Comme Tolokonnikova lui a envoyé une lettrepuis publié le 19 mars sur le profil Instagram du collectif, dans lequel il demandait la participation des Pussy Riot et des voix dissidentes invoquées par la Fondation, demandant d’élargir le programme « Dissidence et paix » et de l’ouvrir à ceux qui sont concrètement persécutés par le régime russe pour leurs idées, et pas seulement aux artistes qui adhéreraient formellement au thème. L’activiste a ainsi annoncé sa venue à Venise non pas tant pour « bloquer » la Biennale que pour la transformer en scène d’une demande politique précise : que dans l’édition 2028 le Pavillon russe soit entièrement dédié aux prisonniers politiques, et qu’il expose des œuvres créées par eux ou par d’anciens prisonniers du régime Poutine. Pour construire un consensus autour de cette proposition, Tolokonnikova établit désormais un dialogue avec des collectionneurs d’art internationaux.
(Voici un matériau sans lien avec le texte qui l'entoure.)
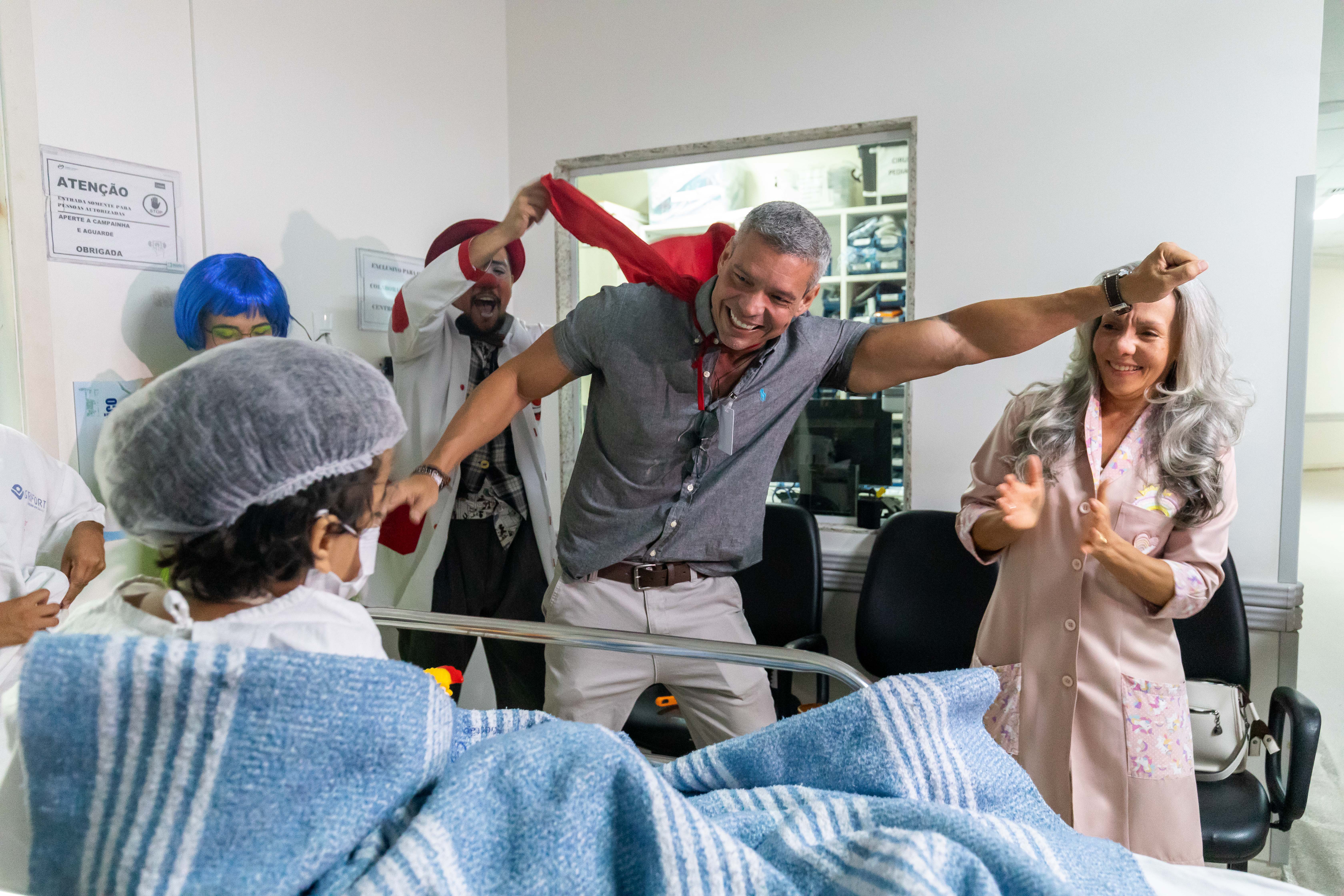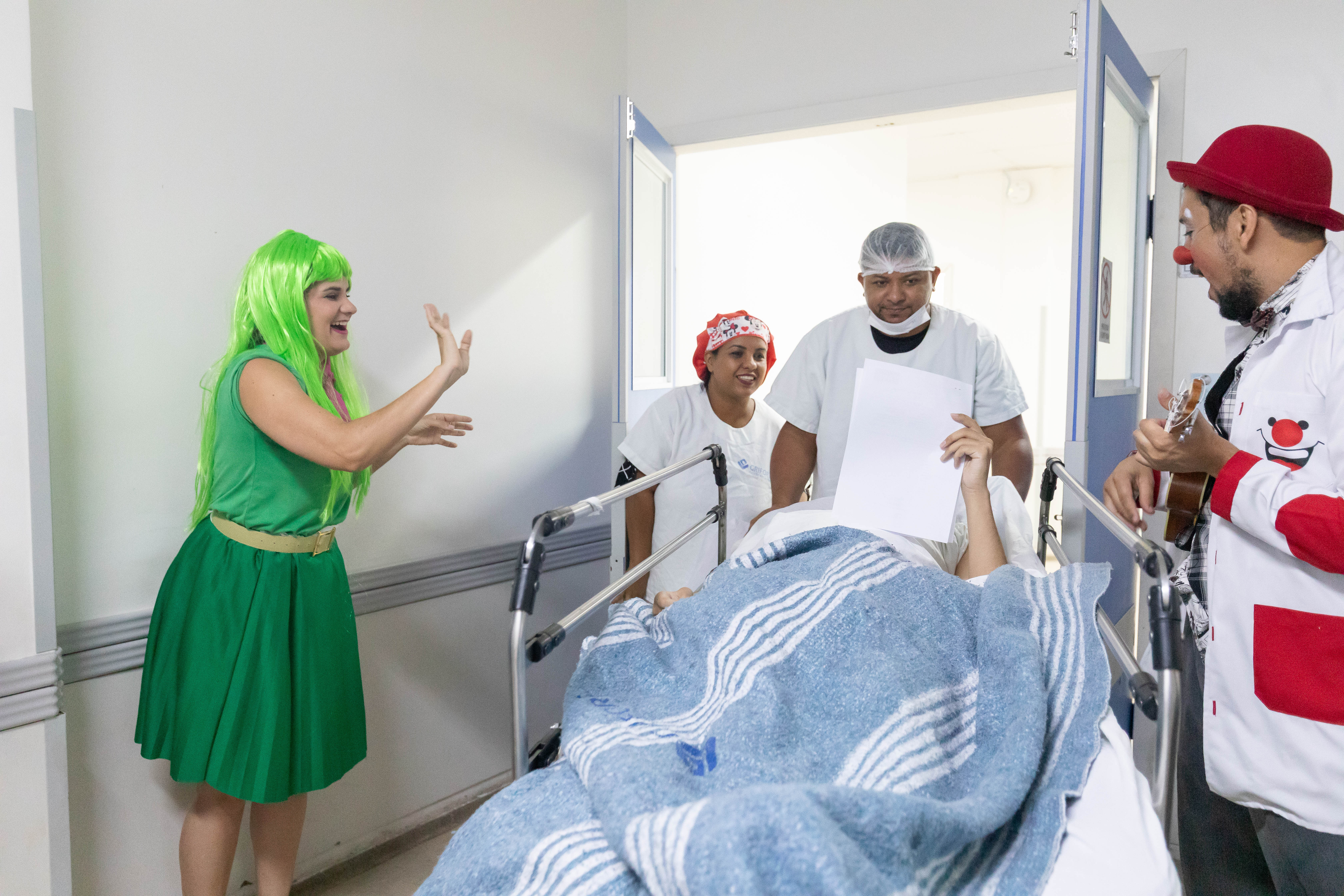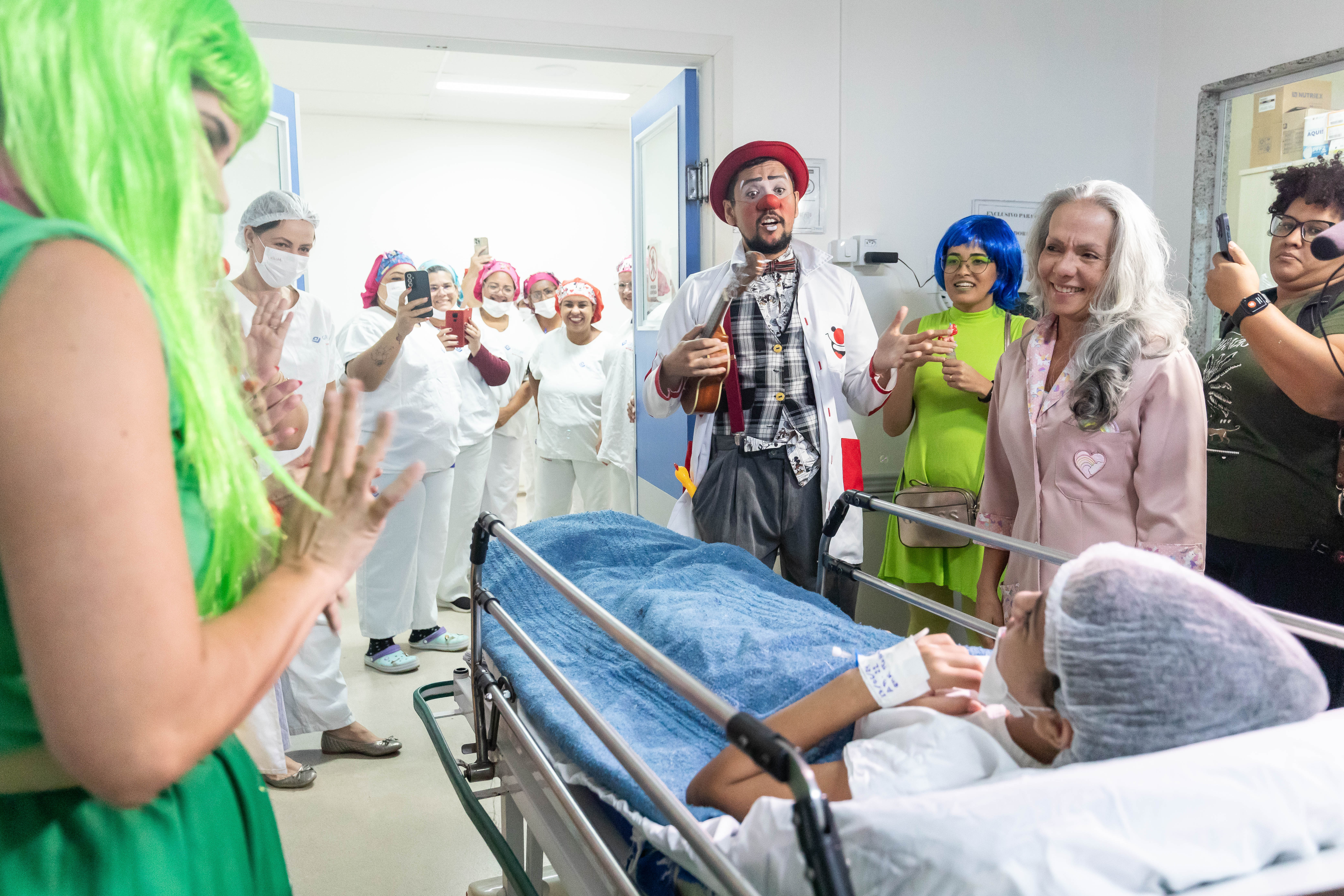 A foto mostra a equipe lúdica do HMC com fantasias, interagindo com um paciente beneficiado pelo mutirão. A secretária de Saúde, Lúcia Helena, acompanha a ação. Todos sorriem e o clima do ambiente é descontraído.

Ces dernières semaines, des questions ont été posées sur la participation de la Russie à l’événement. beaucoup de polémiquequi impliquait également la Commission européenne pour violation du règlement de l’UE sur les sanctions contre la Russie. La Commission a retiré 2 millions de fonds versés à la Fondation, tandis que le Jury biennal a démissionné, contre l’inclusion de la Russie et d’Israël parmi les prix, en les retirant du catalogue. Entre-temps, ils ont commencé enquêtes du ministère de la Culture pour évaluer la légitimité de l’ouverture du pavillon russe, à la suite de quoi, ces derniers jours, il est apparu que la Fédération de Russie, en réalité, n’avait pas été « formellement invitée » et que le pays était simplement revenu dans le pavillon de sa propre propriété. Outre l’exposition centrale installée par le conservateur (entre l’Arsenal et les Jardins), en effet, chaque pays finance et gère son propre pavillon et la Russie possède le sien, construit en 1914 (elle portait le nom d’« URSS » jusqu’en 1990) et une partie des 30 permanents situés dans les jardins.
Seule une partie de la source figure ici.